A healthy debate would enable all parts of German society to look seriously at these kinds of core issues in a rational and objective manner. Further, it would enable newcomers to trace the history of German society and understand its aspirations without presuming that other cultures do not share these values. With some unpleasant reflection we would come to realise that no refugee could import sexual assault culture into our society as parts of the media would imply – it has long been a part of it. In a healthy discussion of values, refugees and German citizens alike would be able to reflect on the kind of society they want to build together. This kind of discussion requires facilitation and direction in an environment that fosters intercultural exchange and coherent, logical thought.

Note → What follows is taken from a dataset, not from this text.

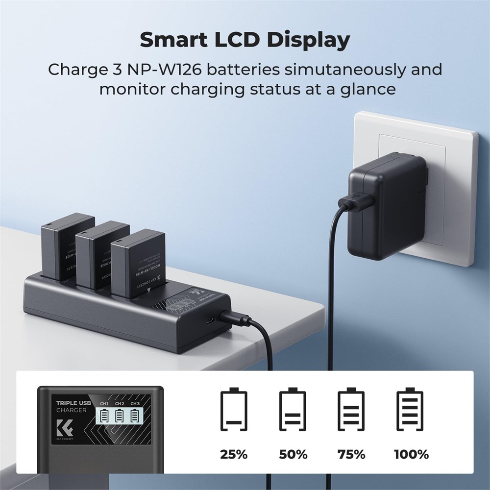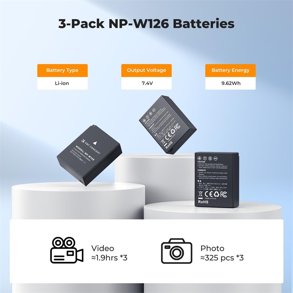 Compatibility: NP-W126S Rechargeable battery is fully compatible with Fujifilm X100VI, X100V, XT30II, XT50, XT30, XT20, XT10, XS10, X-T1, X-T2, X-T3, X-Pro1/2, XE4, XE5, X Half camera. High Capacity: 3 Pakc NP-W126S battery have larger capacity 1300mAh 9.62Wh, charging without memory effect, Triple the battery life for your journey, for long duration videos and photography. Multiple Charging Options: NP-W126S NP-W126 support 5V power source with USB-C and Micro B input. can be charged with laptop, wall charger or car charger . Convenient charging options provide flexibility for on-set and on-the-go charging. 3-slot LCD Charger: It can charge 3 batteries at the same time, the smart LCD charger clearly displays the battery capacity, allowing you to quickly judge the battery status, know the charging status at any time. Safe & Portable: The charger provides over-voltage protection, over-current protection, short circuit protection, high-temperature and over-charge protection.

The reaction of many of those that have been vocal in support of refugees arriving in Germany is to deny that there is a connection between the cultural backgrounds of some refugees and problematic ideas about gender, rights, and particularly, women. This response is counter-productive insofar as it stifles debate and discussion. The biggest obstacle here is not supposed insurmountable divergences in cultural ideas or irreconcilable social differences, instead the biggest obstacle is the failure of debate to engage in a nuanced way with people from different cultures.

German society needs to be more open in its discussion of the unfolding refugee situation, therefore. There needs to be an ongoing discussion about how to help integrate those coming to Germany and other places into their new societies and a deep discussion about the kind of society we want and how the newcomers can play a positive role in shaping that. This is not a matter of assimilating newcomers so that no differences remain, but a continual process of navigating stumbling blocks between groups – it needs to be an on-going discussion. The point remains however that we cannot allow this to dictate our perception of those who seek refuge from some of the most violent parts of the world, even if one or several refugees were involved in the attacks. Yes, we need to discuss how to integrate newcomers into our societies. But equally, we should look at the issues we already have here. The generalisations about North African and Arab men are one issue, how often we simply accept sexual assault is another. From this starting point, we can begin to see that the issues here are thorny and difficult, and that it is our duty to untangle them together.